Trazemos uma carga de dívida pública já muito elevada que a pandemia, e bem, impediu que se controlasse melhor. E as perspectivas de crescimento mais robusto pura e simplesmente não existem. Assim que for corrigido o efeito da pandemia, o que se espera é o regresso dos crescimentos pouco superiores a 2%, sem que se veja o efeito a longo prazo do plano de recuperação ou do novo quadro comunitário de apoio.

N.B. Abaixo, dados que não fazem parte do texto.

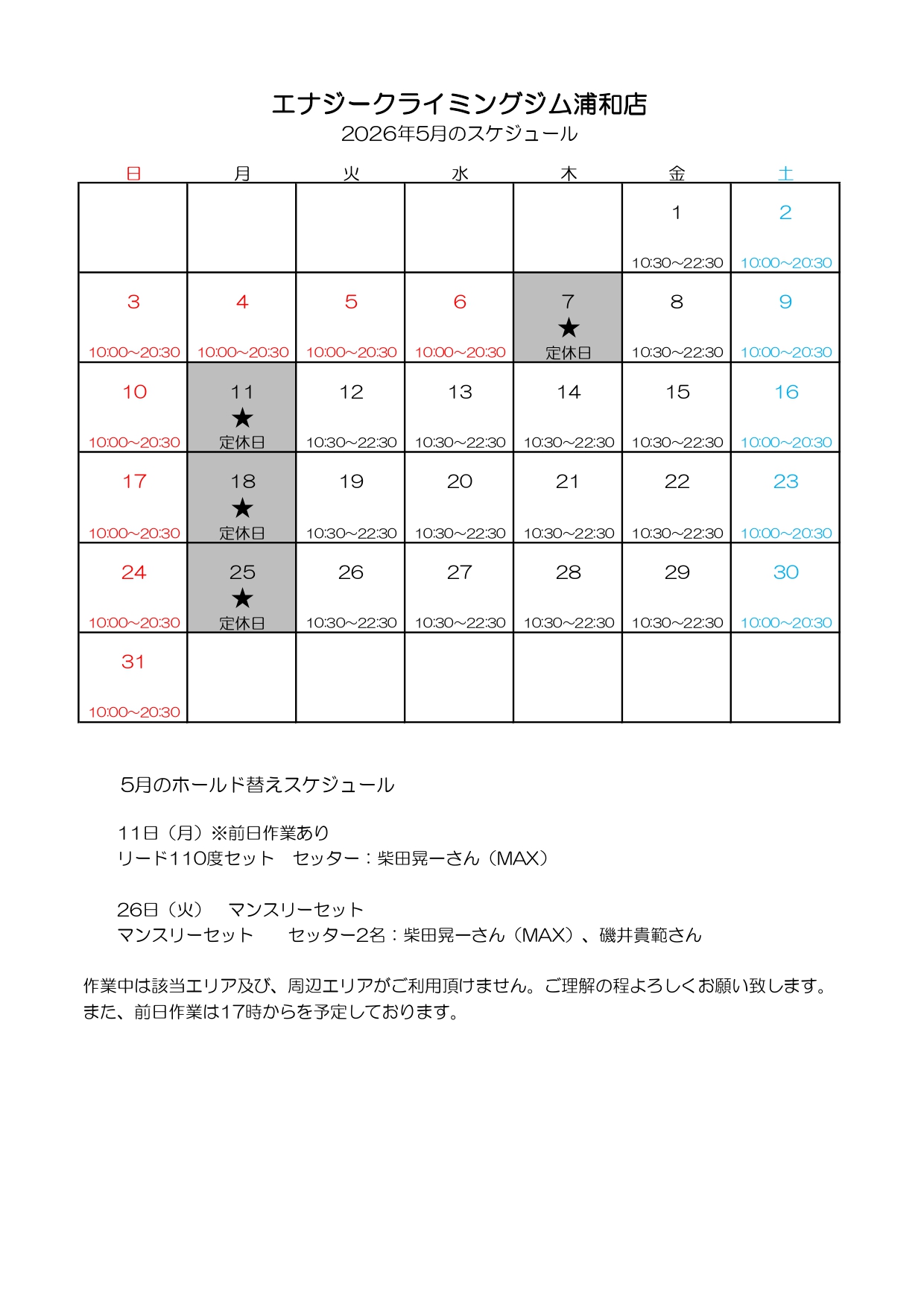 お知らせNEWS 2026.02.13エナジーより柏店サイトリニューアルのお知らせ 2026.02.03柏店柏店<回数券SALE>のお知らせ 2026.01.27柏店エナジークライミングジム柏店「大改革」 2025.12.27柏店年末年始の営業時間についてお知らせです 2025.12.27浦和店年末年始の営業時間のお知らせ 2025.12.24柏店柏店イベント「マンスリーBINGO」開催中! 2025.11.19柏店イベント「愛とクライミングだけが友達さ♪」終了のお知らせ 2025.10.02柏店<柏店>イベント「秋のパン祭り」開催のお知らせ 2025.09.10柏店イベント「愛とクライミングだけが友達さ♪」開催のお知らせ 2025.07.04柏店キッズボルダリング<サマースクール>のお知らせ※お申込みは終了しました 2025.05.21エナジーより一部料金改定のお知らせ 2025.05.20柏店<柏店>ポップアップイベント「gekko japonicus」展示販売会のお知らせ 2025.04.09柏店<柏店>イベント「春のパン祭り」開催のお知らせ 2025.01.14浦和店「年パス10%OFF」キャンペーンのお知らせ 2024.12.04柏店年末年始の営業についてお知らせ 2024.12.04浦和店年末年始の営業についてお知らせ 2024.10.01柏店コンペ「プリンセス35」競技規則 2024.10.01柏店コンペ「プリンセス35」タイムスケジュールのお知らせ 2024.09.12柏店コンペ「プリンセス35」参加者リスト(10/4) 2024.09.03柏店コンペ「プリンセス35」申し込み受付中 2024.08.21エナジーより一部料金改定のお知らせ 2024.08.08柏店コンペ「プリンセス35」開催のお知らせ 2024.04.03柏店イベント「STAFF GENERATIONS」お知らせ 2024.01.19柏店イベント「マンスリーBINGO」1月も継続開催中! 2023.12.23浦和店浦和店 定休日変更のお知らせ 2023.12.20柏店イベント「マンスリーBINGO」開催中! 2023.10.17柏店コンペ「THE CHALLENGE 2023」レポート 2023.10.15柏店コンペ「THE CHALLENGE 2023」最終リザルト 2023.10.15柏店コンペ「THE CHALLENGE 2023」オープンマスタークラス予選リザルト 2023.10.15柏店コンペ「THE CHALLENGE 2023」スーパーミドルクラス予選リザルト 2023.10.15柏店コンペ「THE CHALLENGE 2023」ミドルクラス予選リザルト 2023.10.15柏店コンペ「THE CHALLENGE 2023」ファンクラス予選リザルト 2023.10.14柏店柏店コンペ「THE CHALLENGE 2023」最終エントリーリスト 2023.10.11柏店コンペ「THE CHALLENGE 2023」開催に伴うお知らせ※重要※ 2023.10.05柏店柏店コンペ「THE CHALLENGE 2023」開催要項・競技規則のお知らせ 2023.10.05柏店柏店コンペ「THE CHALLENGE 2023」タイムスケジュールのお知らせ 2023.09.29柏店柏店コンペ「THE CHALLENGE 2023」募集クラスについてお知らせ 2023.09.12柏店柏店コンペ「THE CHALLENGE 2023」申込み開始のお知らせ 2023.09.01柏店コンペ「THE CHALLENGE 2023」開催のお知らせ 2023.08.18浦和店2階ボルダーエリア エルソル ホールド替えしました! 2023.08.12浦和店オートビレイ機が追加されました 2023.08.08浦和店リード85度壁ホールド替え完了 2023.08.06柏店コンペ「プリンセス35」無事終了しました 2023.08.06浦和店エナジーナイトミニセッション1 2023.08.03浦和店ミニイベント開催 2023.08.03柏店コンペ「プリンセス35」エントリーリスト 2023.08.03柏店コンペ「プリンセス35」開催に関するお知らせ 2023.08.01エナジーよりホームページリニューアルのお知らせ 2023.07.30浦和店お盆の営業案内

Entrámos, como sempre, nesta altura de pré-discussão do Orçamento do Estado, na fase do “bacalhau a pataco”, agravado este ano pela aproximação das eleições autárquicas. No discurso do Primeiro-Ministro no Congresso do PS ouvimos uma lista de promessas, todas elas com custos orçamentais acrescidos, sem que nos tenhamos apercebido de medidas que possam promover o crescimento sem ser pelo consumo ou que promovam a eficiência, designadamente da administração pública. Dos partidos que apoiam o Governo, PCP e Bloco de Esquerda, a atitude é a mesma, estando aliás o PS a prometer para que o Orçamento seja viabilizado.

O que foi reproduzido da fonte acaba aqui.